La battaglia su scala nazionale è portata avanti proprio dai radicali, che nel corso degli ultimi due anni hanno deciso di mettersi contro quelle che considerano delle vere e proprie caste, dei gruppi professionali, cioè, che hanno dei privilegi mai messi in dubbio dalla politica, che anzi è ostaggio di queste gilde, poiché possono spostare molti voti, fino a determinare l’esito delle elezioni locali. Noi ne avevamo parlato proprio con Hallisey in tempi non sospetti: tassisti e balneari, per parlare di due categorie, sono un problema o sono percepiti così dalla politica. Un problema che sarebbe meglio tenere a bada. Per i radicali, così come per La Vardera, il controllo basato su interessi privati, di spiagge e licenze, è qualcosa che invece va affrontato in modo diretto. E l’unico modo che i radicali conoscono è di attaccare di testa il tema specifico, andando nei luoghi “proibiti”, facendo quello che gli altri non fanno. Ricordate Marco Pannella con l’hashish in diretta televisiva? Il punto è questo: se tutti facessero quello che fanno Hallisey o La Vardera, allora le cose potrebbero cambiare. Se lo fa uno viene perseguito, se lo fanno in due vengono picchiati, se lo fanno in tre forse pure. Ma se lo facessero, contemporaneamente, trenta persone? O cinquanta? O centinaia in giro per l’Italia? Il potere della disobbedienza civile, che nell’era social deve per forza ricorrere anche a tecniche in stile Le Iene, attivismo da assalto, ripreso e post prodotto in modo da polarizzare l’attenzione e il dibattito su Instagram, su TikTok e su YouTube. Ecco perché i La Vardera e gli Hallisey rischiano le botte un giorno sì e l’altro pure. Perché quel contenuto poi potrebbe aiutare a porre il tema.

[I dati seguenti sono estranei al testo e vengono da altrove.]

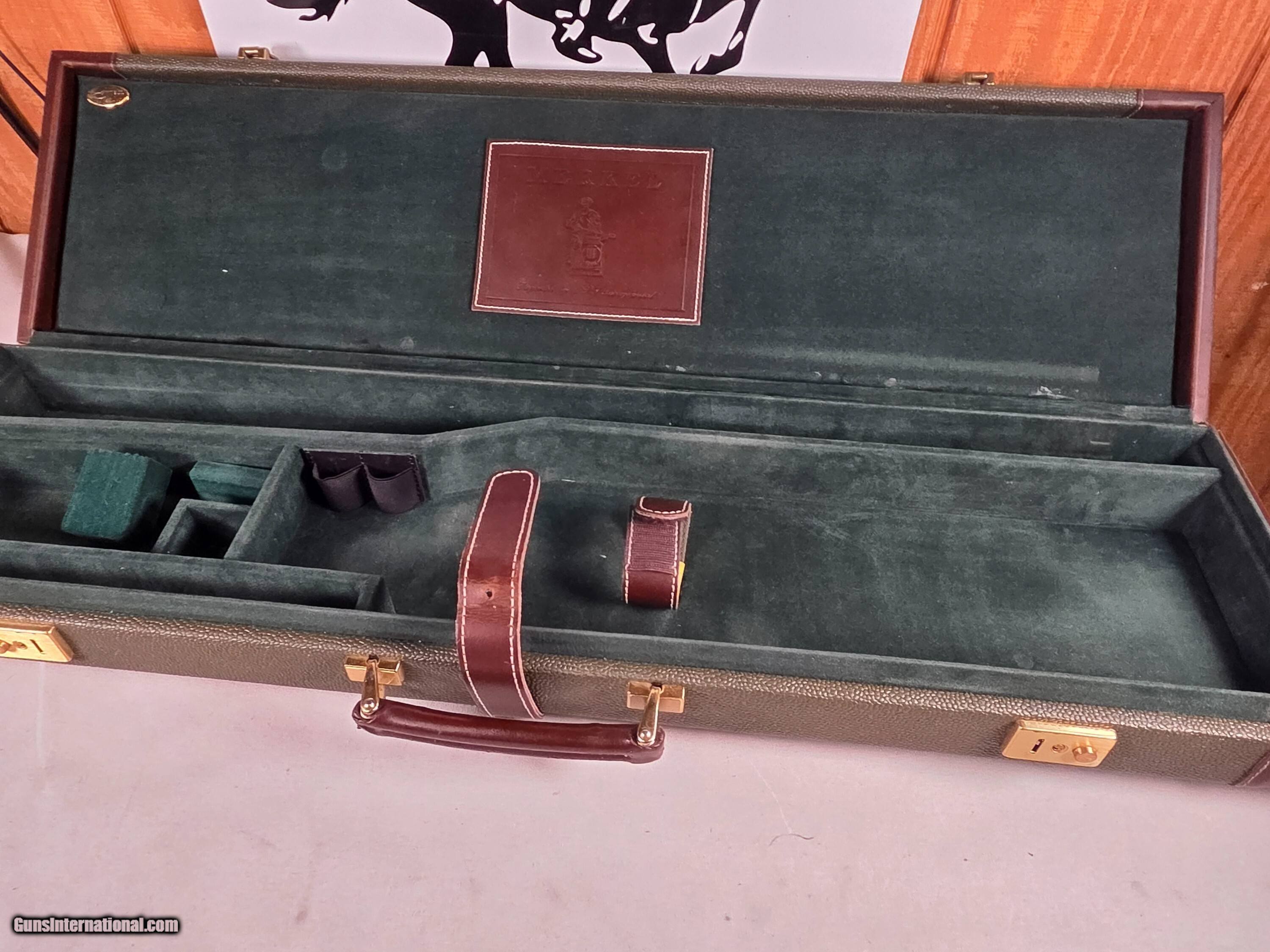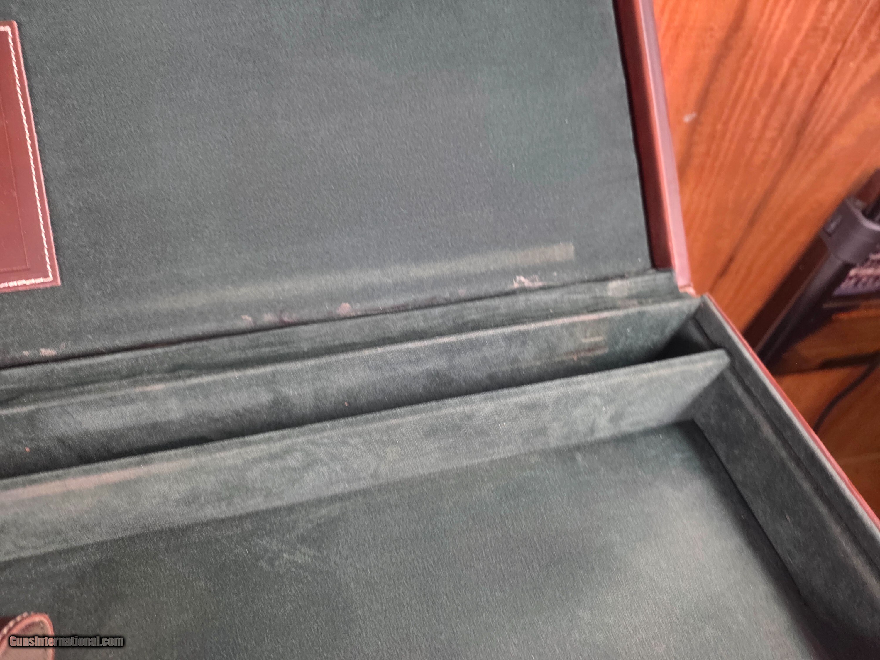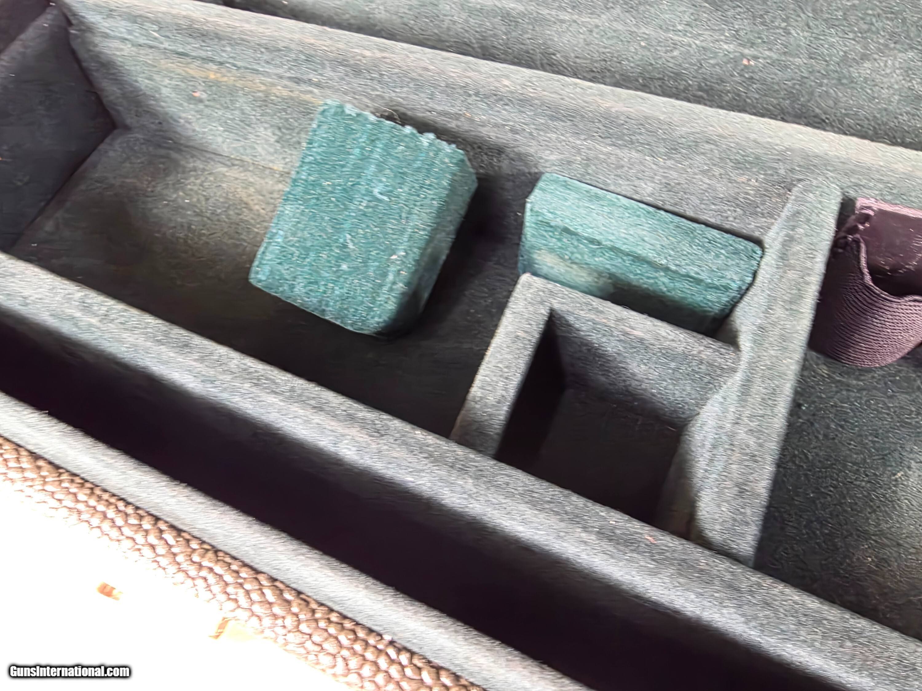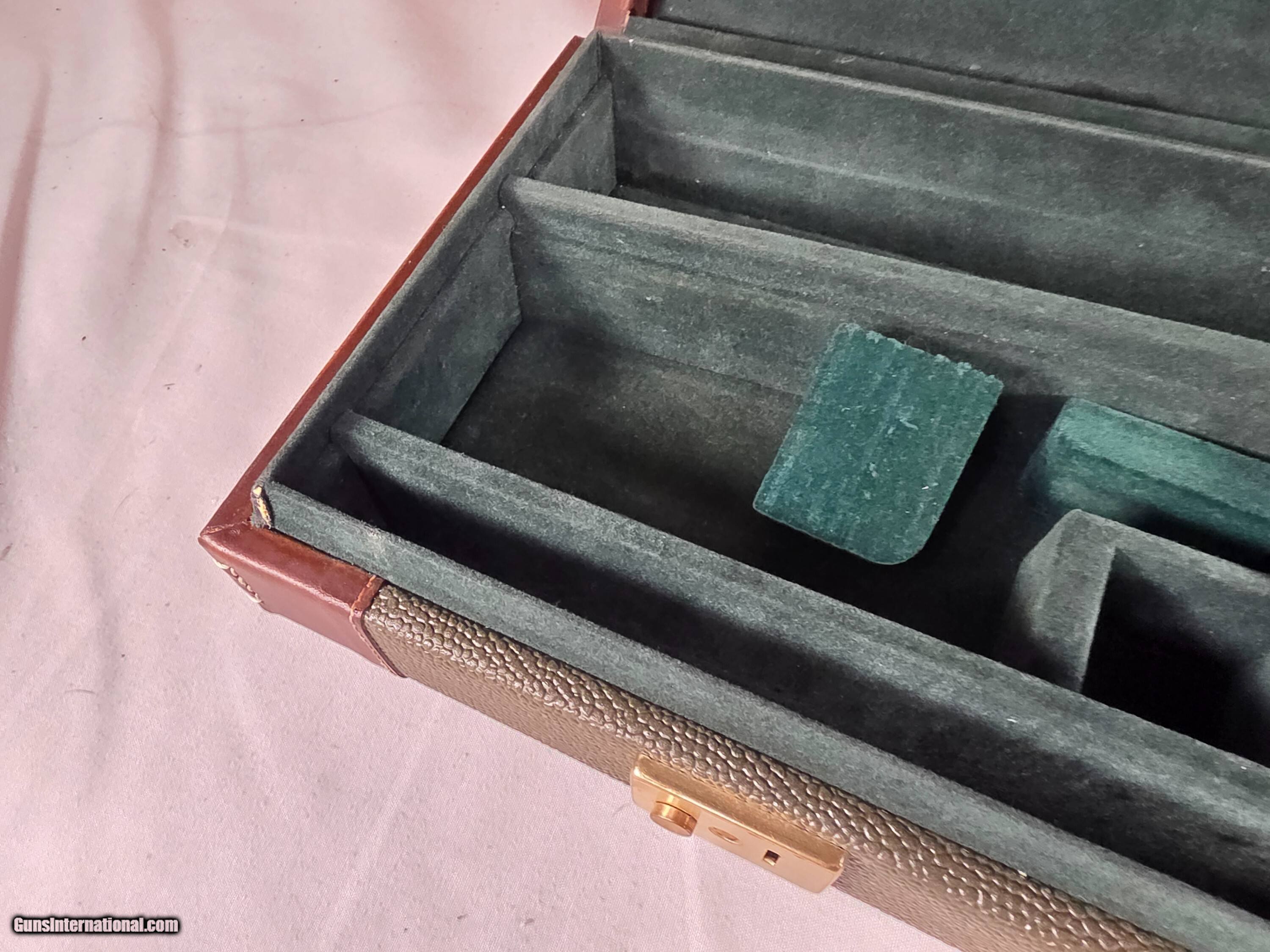 Description: 9299 Merkel Green with leather Shotgun trunk style hard case. Will fit up to a 30” Barrel, these are getting harder to find!. Has blocks. More pictures at DawsonsDoubles DOT COM Price: $500.00 Shipping: $35.00 Contact Seller |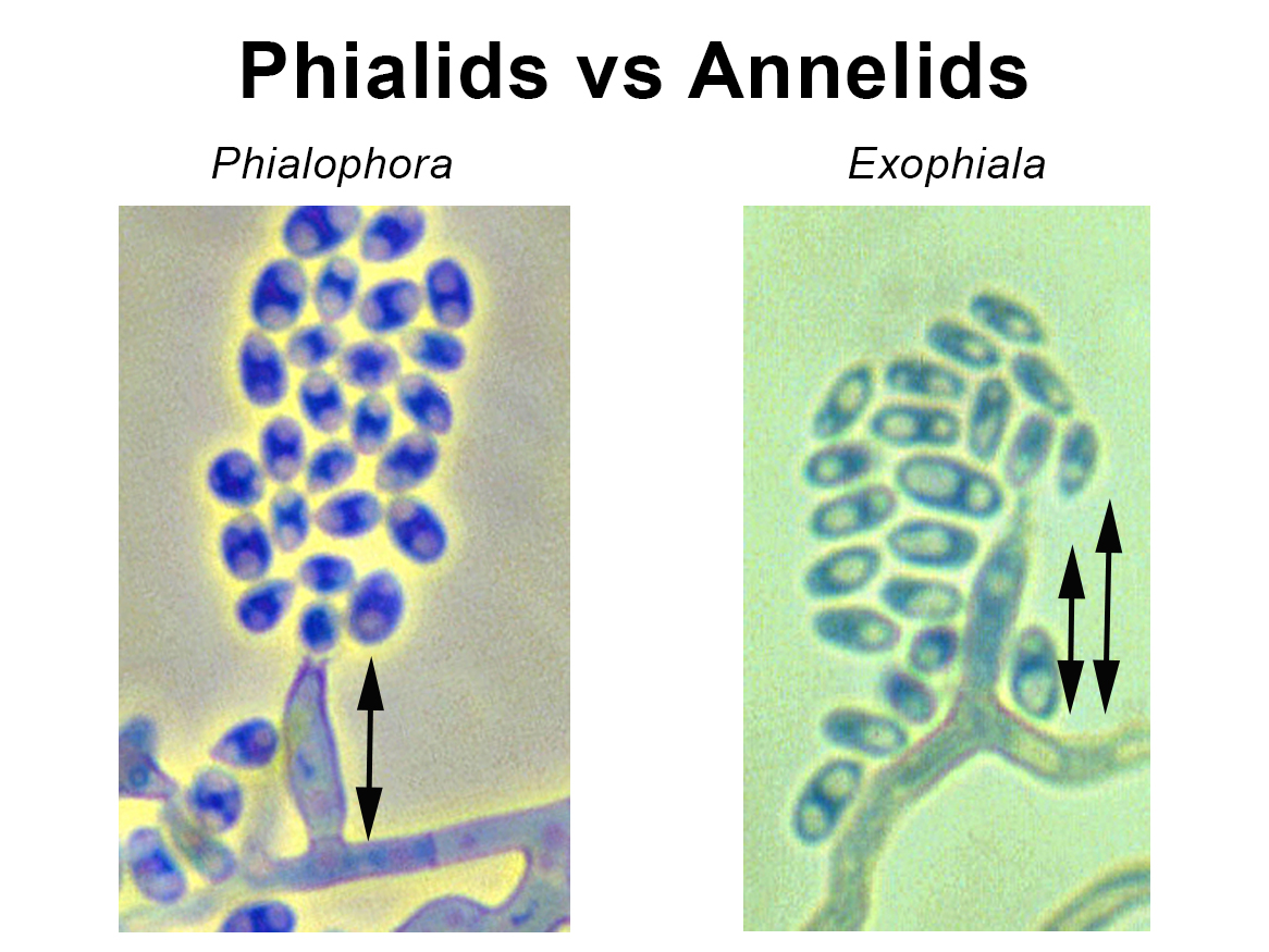 - Phialide (specialised conidiogenous cells that produces conidia in basipetal succession without increasing in length)

Facciamo un esempio uguale e contrario. Il boom a destra di Simone Cicalone su cosa si basa? Su un canale YouTube (Scuola di botte) e sulle retate nella metro, dove i ladri vengono presi di mira, mentre si registrano i confronti faccia a faccia, gli insulti, le risse sfiorate, con GoPro e microfoni. La gestione della violenza è fondamentale per bucare i muri imposti dall’algoritmo. Come puoi attirare un utente costantemente immerso in un mare di contenuti che annebbiano il cervello? Come bloccare lo scroll passivo dell’individuo sul cesso? Proponendo qualcosa che, dal Colosseo a oggi, ha sempre destato curiosità: la tensione, il rischio di aggressione. Ecco perché La Vardera ha ottenuto la scorta. A differenza di altri politici, scende in strada e convive con le contraddizioni della nostra epoca: denuncia pubblicamente le storture e lo fa in modo tale da far sì che questa denuncia risulti rilevante, anche se è un compromesso con dinamiche ugualmente storte, e cioè quelle dell'algoritmo social. Questo significa conoscere le strategie di comunicazione di oggi e non affidarsi a piani antiquati, da campagna elettorale permanente.